Güçlü Kaplangı: “TUSİD’in gücünü ve etkisini bilen bir sosyal çevre yarattık”
Endüstriyel mutfak ekipmanları sektörünün temsilcisi olarak diğer sivil toplum kuruluşlarıyla ve kamu kurumlarıyla olan ilişkilere büyük önem verdiklerini anlatan Güçlü Kaplangı, “Bu ilişkilerimiz özellikle son 5 yıl içinde ivme kazandı. Dernek olarak, endüstriyel mutfak, çamaşırhane ve servis ekipmanları üreticilerinin bir şekilde iltisaklı olduğu ve kesişen kümelerin içinde bulunduğu STK’larla ciddi ilişkilere girmek üzere bir strateji belirledik. Aralarında DEİK, İSO, İTO, İDDMİB, ETÜDER, ZÜCDER’in de bulunduğu yaklaşık 35 STK ile ilişkiler kurup birebir görüşmeler sağladık. Kurduğumuz ilişkilerin bize sonuç odaklı çok büyük faydası oldu; çünkü diğer sektörlerle sorunlarımızın hemen hemen aynı olduğunu gördük. Bu temaslar sayesinde sorunlarımızı daha gür bir sesle dile getirerek ortak çözümler arama şansı buluyoruz. Bundan da son derece memnunuz. TUSİD’in gücünü, etkisini, amacını ve büyüklüğünü bilen bir sosyal çevre yaratmanın da mutluluğu içindeyiz” diyor.
STK’larla yaptıkları görüşmelerde kendilerine, endüstriyel mutfak, çamaşırhane ve servis ekipmanı tedariği ihtiyacı doğduğunda mutlaka TUSİD çatısı altındaki firmalarla iletişim kurarak taleplerini iletebileceklerini söylediklerini ifade eden Güçlü Kaplangı, “TUSİD 325’in üstünde firmayı kendi çatısı altında barındırmasına rağmen sektörün cirosunun yüzde 90’ından fazlasını temsil ediyor. Dolayısıyla üyelerimizle yapılacak iş birlikleri katma değerli üretimin yanı sıra kayıt dışılığın önlenmesi bakımından da çok kıymetli” ifadelerini kullanıyor.
Türkiye’de endüstriyel mutfak sektörünü sürdürülebilir kılan üç sektör turizm, kamu ve catering yani endüstriyel yemek sanayisi olduğuna değinen Kaplangı, “Catering endüstrisi ülkemizde çok büyük bir alana hitap ediyor. Bu sektör ciddi oranda Türkiye endüstriyel mutfak sanayinin ürünlerini kullanıyor ve bu bağlamda bize önemli oranda destek veriyor. Dolayısıyla iş birliğimizi geliştirerek sektörlerimizi büyütmek açısından her türlü ortak çalışmaya dün de hazırdık, bugün de hazırız” diye konuşuyor.
“2023 sektör açısından fuarlar yılı olacak”

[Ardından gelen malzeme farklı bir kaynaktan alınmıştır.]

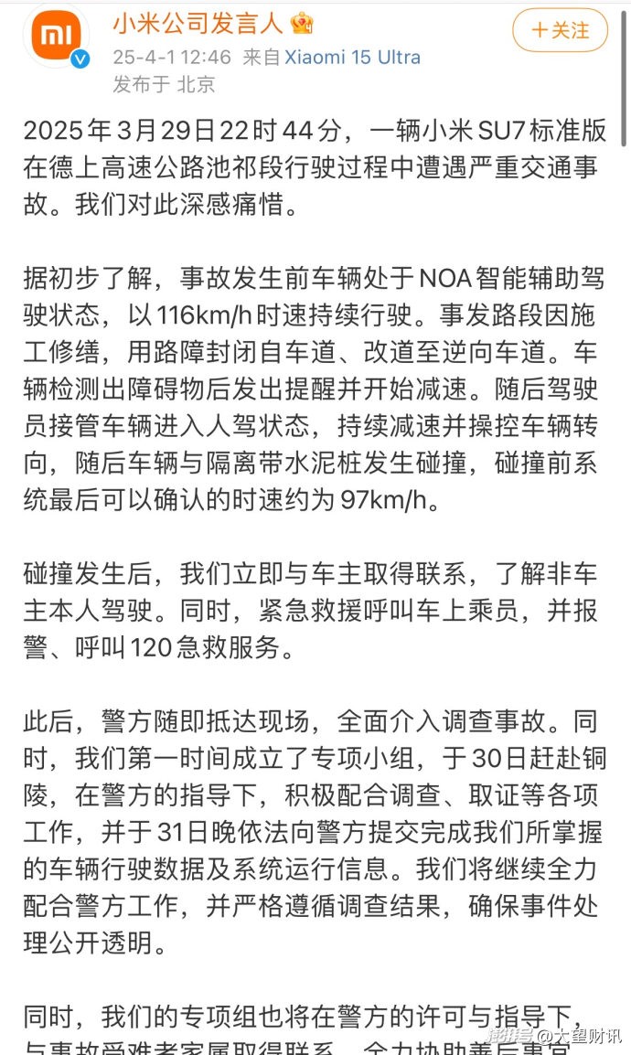 权威证实:依赖调查,亟需背书 当下,事故仍深陷调查的迷雾之中,小米虽积极配合警方,但截至目前,尚无权威第三方机构对事故原因作出定论。在此情形下,公众对小米单方面给出的回应,难免心存疑虑。诚如危机公关的原则所强调,企业自证往往困难重重,犹如逆水行舟,亟需借助权威外力的支持。小米迫切需要依托警方的调查结果、专业汽车检测机构的科学评估等权威信息,为自身的说法提供坚实有力的支撑,以此提升公众对其回应的信任度,方能在舆论的汹涌浪潮中站稳脚跟,有效化解这场严峻的危机。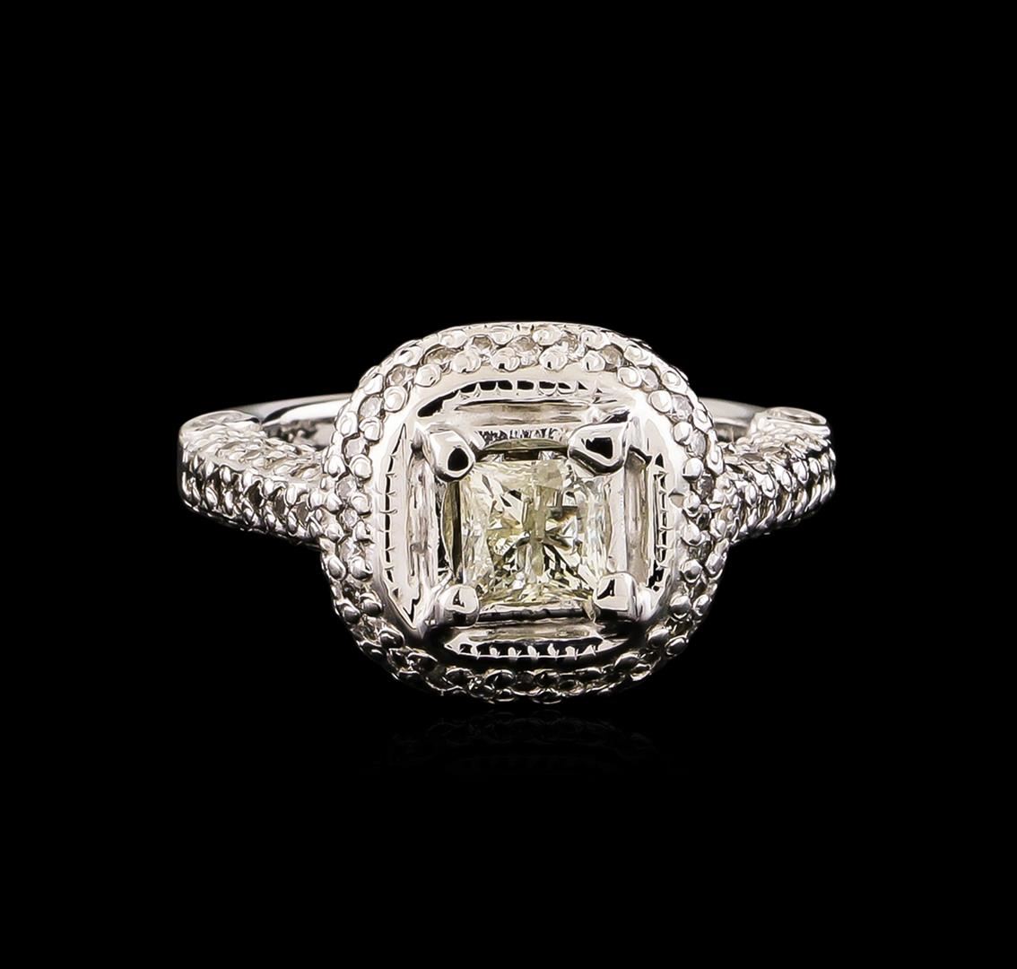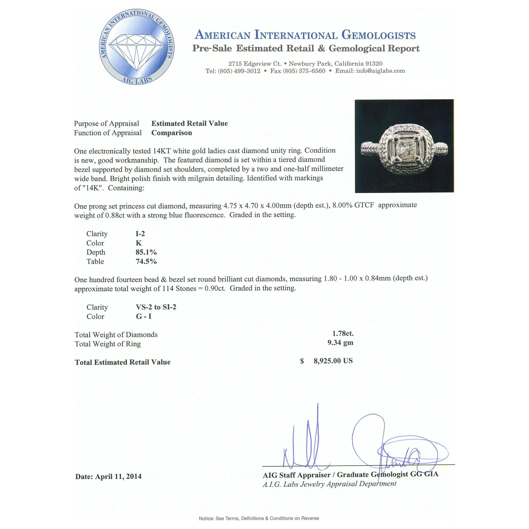One electronically tested 14KT white gold ladies cast diamond unity ring. Condition is new, good workmanship. The featured diamond is set within a tiered diamond bezel supported by diamond set shoulders, completed by a two and one-half millimeter wide band. Bright polish finish with milgrain detailing. Identified with markings of "14K". Containing: One prong set princess cut diamond, measuring 4.75 x 4.70 x 4.00mm (depth est.), 8.00.%. GTCF approximate weight of 0.88ct with a strong blue fluorescence. Graded in the setting. Clarity: I-2. Color: 85.1%. Table 74.5%. One Hundred Fourteen bead & bezel set round brilliant cut diamonds, measuring 1.80 - 1.00 x 0.84mm (depth est.) approximate. Total Weight of 114 Stones = 0.90ct. Graded in the setting. Clarity: VS-2 to SI-2. Color: G - I. Total Weight of Diamonds 1.78ct. Total Weight of Ring 9.34 grams. AIG Appraised at $8,925.00.

İstanbul Demir ve Demir Dışı Metaller İhracatçıları Birliği ile ciddi bir çalışma yürüttüklerini hatırlatan Güçlü Kaplangı, “Sektörümüzdeki firmaları gerek UR-GE projelerinde yurt dışına giderken gerekse milli katılımlarda bizleri destekleyen bir birliğimizin olması çok önemli. 2023 yılında sektörümüzü 6 fuara götüreceğiz. Yaz ayları çıkarılırsa neredeyse 40 günde bir fuara katılacağız. Bu sektörümüzün dış tanıtımı açısından çok önemli bir çalışmadır. Aynı zamanda da firmalarımız için ciddi bir maliyet demek. Ticaret Bakanlığı vasıtasıyla birliğimizin desteği çok kıymetli” diye konuşuyor.
Dünyada yapılan en büyük endüstriyel mutfak fuarlarından ikincisi olan Hostech by TUSİD’in iki yılda bir İstanbul’da yapıldığına değinen Kaplangı şunları söylüyor: “Biliyorsunuz fuara yurt dışından katılan satın alma heyetlerini uçak ve otel masraflarını karşılamak suretiyle misafir ediyoruz. Dolayısıyla İstanbul’u endüstriyel mutfak sektöründe dünyadaki tüm satıcıların istedikleri her ürünü A’dan Z’ye bulabilecekleri bir merkez haline getirme hedefimiz var. Fuar kapsamında ETÜDER ile iş birliği yapıyoruz. Fuarda ETÜDER üyeleri 9, 10 ve 11. salonlarda yer alacaklar. Dolayısıyla bu iş birliği de çok büyük sinerji yaratacak. Bunun yanı sıra ZÜCDER bizim kardeş derneğimiz. Kendileriyle her türlü ortak çalışmayı gerçekleştiriyoruz. İstanbul Ticaret Odası ile geçtiğimiz yıllarda Dubai’de düzenlenen fuarda çok önemli bir organizasyona imza atarak üyelerimizi götürmüştük. Kısacası tüm sivil toplum kuruluşlarıyla sektörün lehine ve faydasına olacak iş birliklerini gerçekleştirmek için çok yoğun mesai harcıyoruz. Bu ilişkilerin ilgili sektörleri ittiğini, geliştirdiğini, bizlere yeni bilgiler öğrettiğini ve işletmelerimize ticari açısından büyük avantajlar sağladığını iyi biliyoruz.”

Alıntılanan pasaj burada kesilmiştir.